Motley Fool Asset Management has unveiled its second ETF, the Motley Fool Small-Cap Growth ETF (MFMS US), on Cboe BZX.
The financial services media company has turned to active management for its second launch, targeting US-listed small-caps with strong quality and growth characteristics.
Portfolio manager Charly Travers conducts bottoms-up, business-focused research to select at least 30 of Motley Fool’s best small-cap ideas with long-term growth potential.
According to the fund’s prospectus, Motley Fool defines small-cap stocks as those with market capitalizations in the same range as those stocks that make up the Russell 2000 Growth Index.
In identifying investments for the fund, Travers looks for securities of companies that have high-quality businesses with strong market positions, manageable leverage, and robust streams of free cash flow.
To identify high-quality businesses, Travers focuses primarily on four criteria: (i) management, culture, and incentives; (ii) the economics of the business; (iii) competitive advantage; and (iv) the durability of its competitive advantage period.
Analysis of management, culture and incentives may include manager and board of director fit, the clarity of vision and strategies, culture and turnover, ownership in the business, the sensibility of incentives, capital allocation choices and results, external transparency and candour, and overall treatment of stakeholders.

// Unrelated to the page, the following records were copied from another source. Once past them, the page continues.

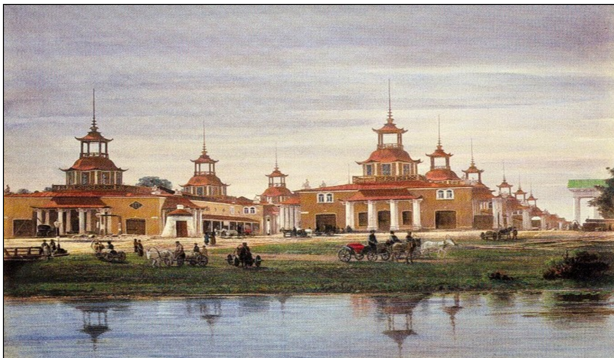
Рис. 2. Китайские ярмарочные ряды. Акварель по фотоотпечатку. Авторы А. О. Карелин и И. И. Шишкин

Именно китайский чай определял во многом ход ярмарочной торговли. Его продавали в китайских ярмарочных рядах, называемых Китайской линией и отличавшихся оригинальностью архитектуры.
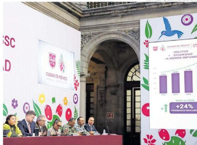
Clara Brugada, junto con su gabinete de seguridad en conferencia.
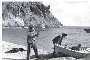
Bajkał, 1934 r.
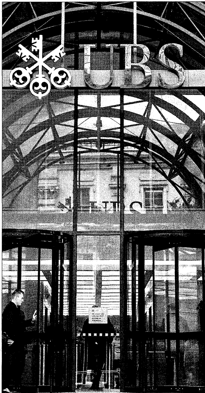
Misstrauische Kunden: Die UBS kämpft um ihre Glaubwürdigkeit.
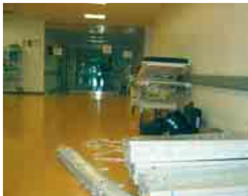
CCOO denuncia que en el Puerta de Hierro son todo deficiencias.

Analysis of the economics of the business may include looking at the company’s long-term return on capital, the scalability of its business model, relative and absolute margins, business and product cyclicality, and other key performance indicators to gain insight into its potential for future performance.
Investigating the firm’s competitive advantage may include looking at pricing power, geographic barriers to entry, network effects, regulatory barriers to entry and superior brands, among others.
And testing the durability of the firm’s competitive advantage may involve exploring favourable product cycles, customer preference, temporary or tactical advantages or other reasons.
The prospectus notes the ETF will not impose sector constraint limits and may at some points be relatively undiversified; however, a cap of 25% per industry will be applied to prevent severe concentration risk.
It comes with an expense ratio of 0.85%.
The fund is the first actively managed ETF to tap exclusively into the small-cap US equity market and will compete against passive alternatives including the $9.2 billion iShares Russell 2000 Growth ETF (IWO US) costing just 0.25%, less than a third of the price.
Motley Fool introduced its first ETF earlier this year, the Motley Fool 100 ETF (TMFC US), tracking an in-house index that reflects the performance of the 100 largest US companies in The Motley Fool recommendation universe.
To be eligible for inclusion in the index, a stock must have an open “buy” recommendation by Motley Fool research publications or be among the top 150 stocks in The Motley Fool’s “Fool IQ” research database. TMFC costs 0.50% and has accumulated over $140 million in AUM.